● Required action:
What is needed is an exact copy of every entry below, minus the images.

● The input:
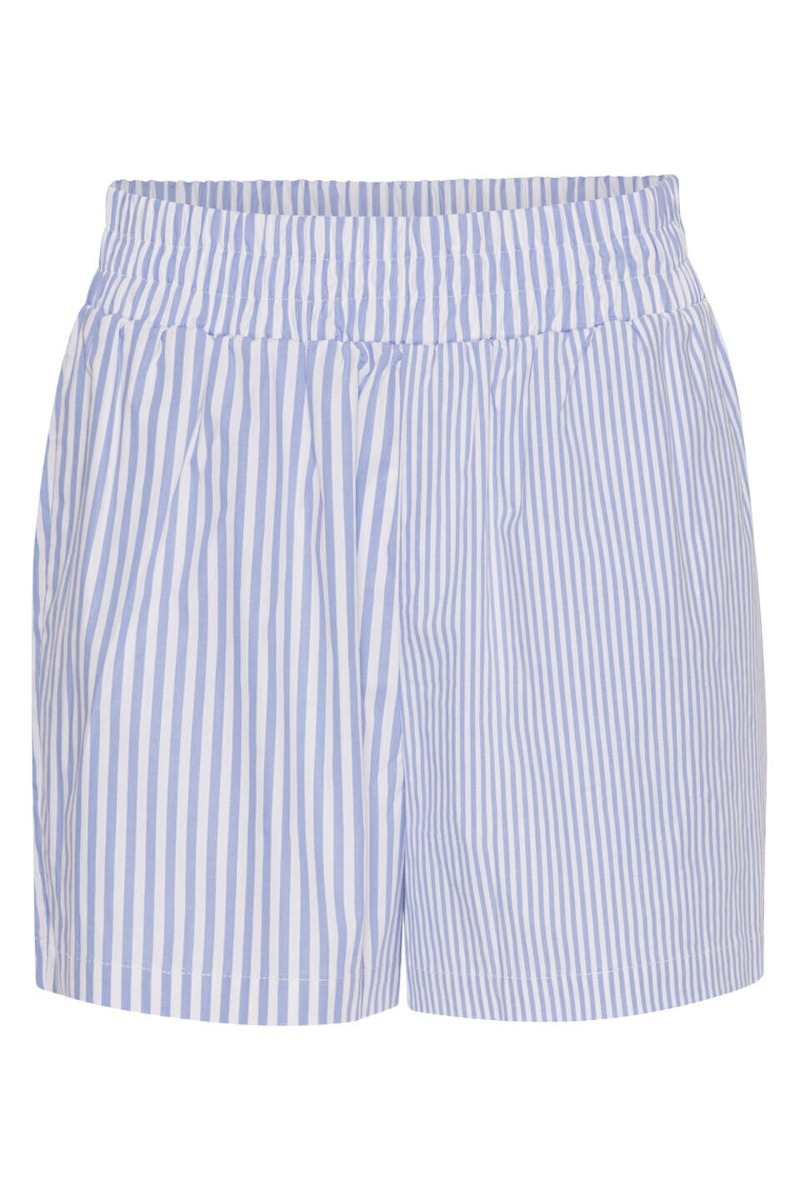 Blå stribet shorts fra A-View med den sødeste matchende skjorte i samme print. Shortsene er løse med en bred elastikkant og lommer. De er perfekte til de varme sommerdage og kan nemt styles helt afslappet med en t-shirt.
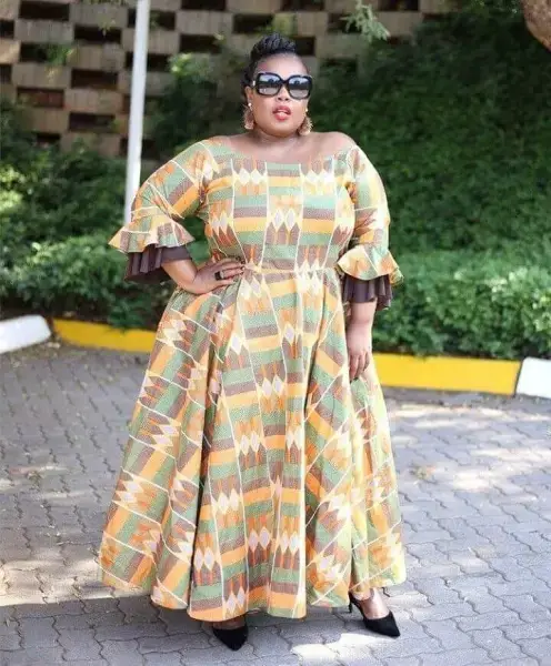 1. Graceful Ankara Maxi Dresses: Maxi dresses offer a perfect blend of comfort and style for curvy figures. Explore how to choose Ankara maxi dresses with flattering silhouettes and waist emphasis, creating an effortlessly elegant look.
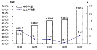 右图为“2004-2008年我国粮食产量及其增长速度”图。近年来,引起我国粮食产量发生变化的主要影响因素是:
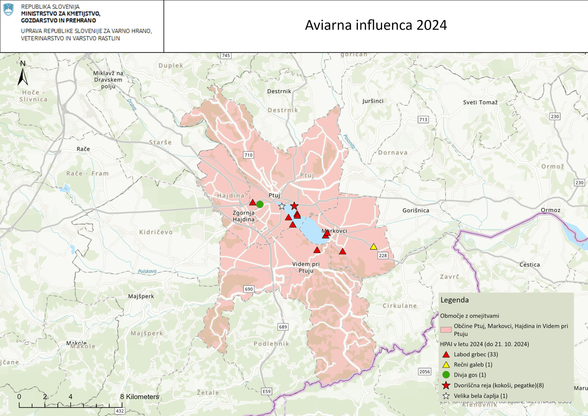 Na celotnem območju Slovenije veljajo priporočila za zmanjšanje tveganja prenosa virusa z divjih ptic na perutnino in ptice v ujetništvu, zato rejce perutnine in ptic v ujetništvu pozivamo, da jih dosledno upoštevajo.
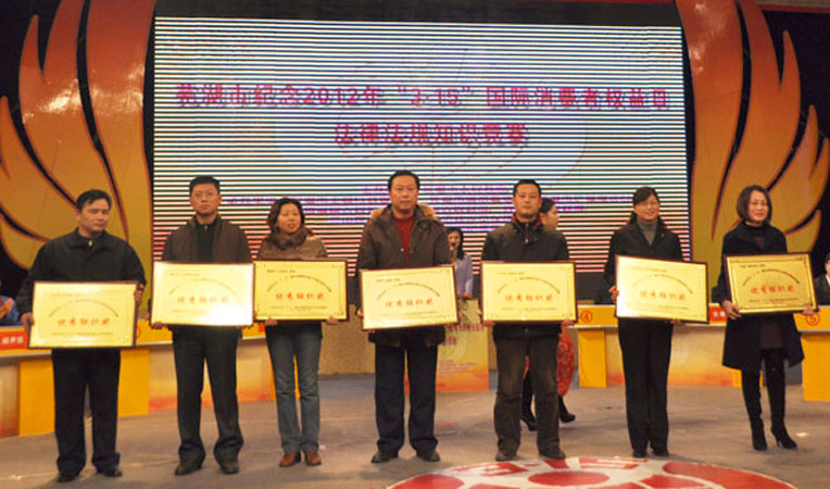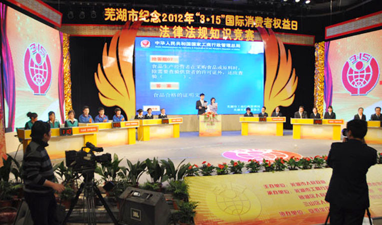 2012年3月10日下午,由蕪湖市人民政府主辦,市工商局、市消費(fèi)者協(xié)會(huì)、市廣播電視臺(tái)和各區(qū)人民政府承辦的 紀(jì)念“3.15”國(guó)際消費(fèi)者權(quán)益日法律法規(guī)知識(shí)競(jìng)賽決賽在市廣電中心舉行。通過(guò)預(yù)賽層層選拔,全市共六支代表隊(duì)進(jìn)入決賽。經(jīng)過(guò)緊張激烈的角逐,華億集團(tuán)代表隊(duì)力壓群雄,勇奪第一名。

● Task response:
 Blå stribet shorts fra A-View med den sødeste matchende skjorte i samme print. Shortsene er løse med en bred elastikkant og lommer. De er perfekte til de varme sommerdage og kan nemt styles helt afslappet med en t-shirt.
 1. Graceful Ankara Maxi Dresses: Maxi dresses offer a perfect blend of comfort and style for curvy figures. Explore how to choose Ankara maxi dresses with flattering silhouettes and waist emphasis, creating an effortlessly elegant look.
 右图为“2004-2008年我国粮食产量及其增长速度”图。近年来,引起我国粮食产量发生变化的主要影响因素是:
 Na celotnem območju Slovenije veljajo priporočila za zmanjšanje tveganja prenosa virusa z divjih ptic na perutnino in ptice v ujetništvu, zato rejce perutnine in ptic v ujetništvu pozivamo, da jih dosledno upoštevajo.
 2012年3月10日下午,由蕪湖市人民政府主辦,市工商局、市消費(fèi)者協(xié)會(huì)、市廣播電視臺(tái)和各區(qū)人民政府承辦的 紀(jì)念“3.15”國(guó)際消費(fèi)者權(quán)益日法律法規(guī)知識(shí)競(jìng)賽決賽在市廣電中心舉行。通過(guò)預(yù)賽層層選拔,全市共六支代表隊(duì)進(jìn)入決賽。經(jīng)過(guò)緊張激烈的角逐,華億集團(tuán)代表隊(duì)力壓群雄,勇奪第一名。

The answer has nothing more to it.